Task description —
Everything in the listing except the pictures should be written out exactly.

━━━━━ Dataset extract ━━━━━

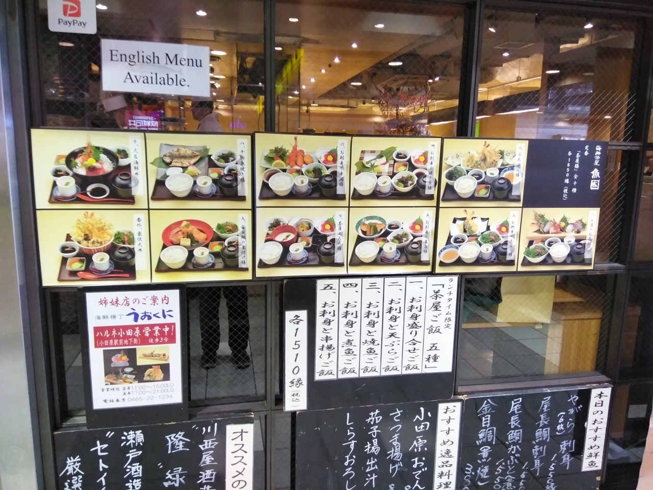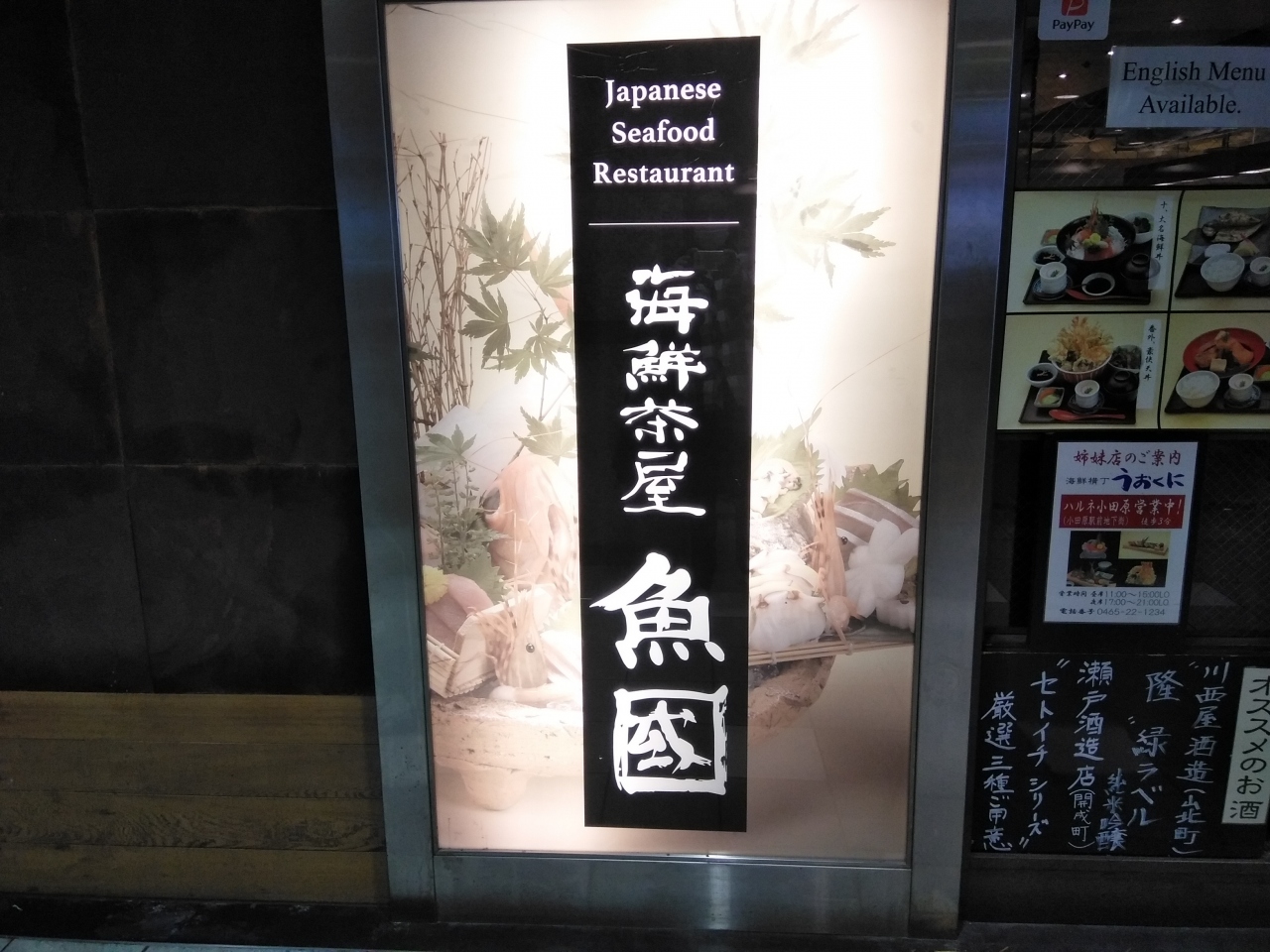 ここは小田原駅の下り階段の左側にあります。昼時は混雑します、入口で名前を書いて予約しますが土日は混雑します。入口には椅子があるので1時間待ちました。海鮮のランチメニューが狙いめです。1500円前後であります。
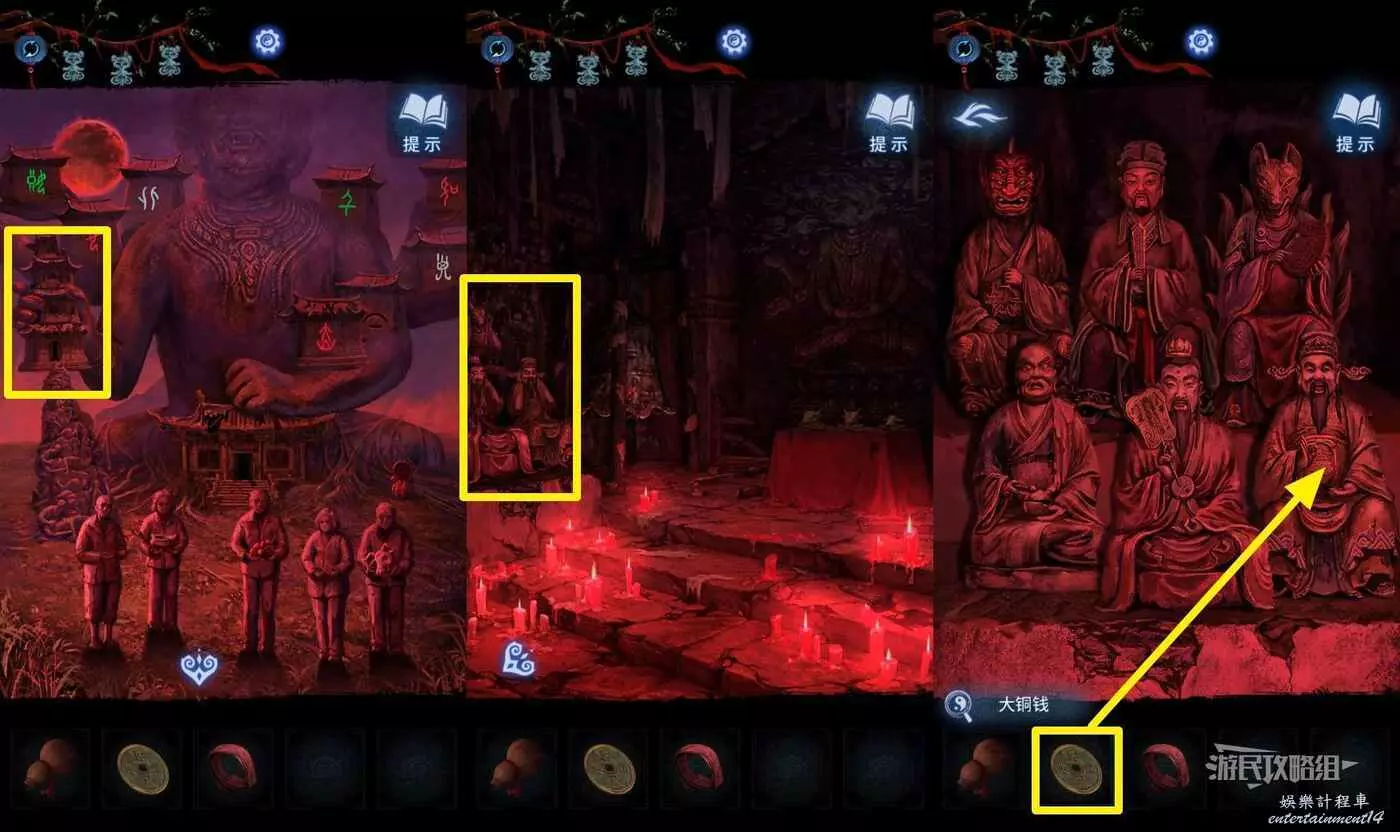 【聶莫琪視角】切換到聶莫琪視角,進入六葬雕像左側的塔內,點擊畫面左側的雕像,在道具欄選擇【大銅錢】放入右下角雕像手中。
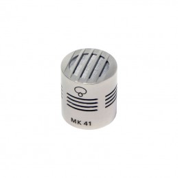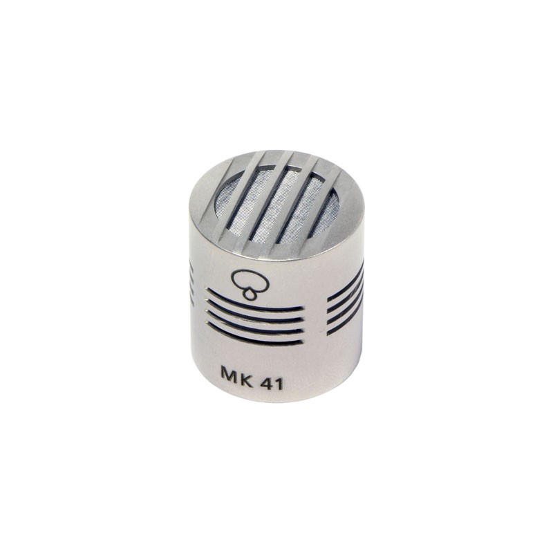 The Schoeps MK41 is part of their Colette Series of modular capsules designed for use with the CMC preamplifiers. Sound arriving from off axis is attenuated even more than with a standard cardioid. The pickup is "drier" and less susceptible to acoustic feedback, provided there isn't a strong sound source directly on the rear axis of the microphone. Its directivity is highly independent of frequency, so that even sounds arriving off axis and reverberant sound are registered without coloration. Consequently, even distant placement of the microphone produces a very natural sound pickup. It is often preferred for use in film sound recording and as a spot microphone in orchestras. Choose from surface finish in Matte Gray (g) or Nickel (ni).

━━━━━

Exercise response —
 ここは小田原駅の下り階段の左側にあります。昼時は混雑します、入口で名前を書いて予約しますが土日は混雑します。入口には椅子があるので1時間待ちました。海鮮のランチメニューが狙いめです。1500円前後であります。
 【聶莫琪視角】切換到聶莫琪視角,進入六葬雕像左側的塔內,點擊畫面左側的雕像,在道具欄選擇【大銅錢】放入右下角雕像手中。
 The Schoeps MK41 is part of their Colette Series of modular capsules designed for use with the CMC preamplifiers. Sound arriving from off axis is attenuated even more than with a standard cardioid. The pickup is "drier" and less susceptible to acoustic feedback, provided there isn't a strong sound source directly on the rear axis of the microphone. Its directivity is highly independent of frequency, so that even sounds arriving off axis and reverberant sound are registered without coloration. Consequently, even distant placement of the microphone produces a very natural sound pickup. It is often preferred for use in film sound recording and as a spot microphone in orchestras. Choose from surface finish in Matte Gray (g) or Nickel (ni).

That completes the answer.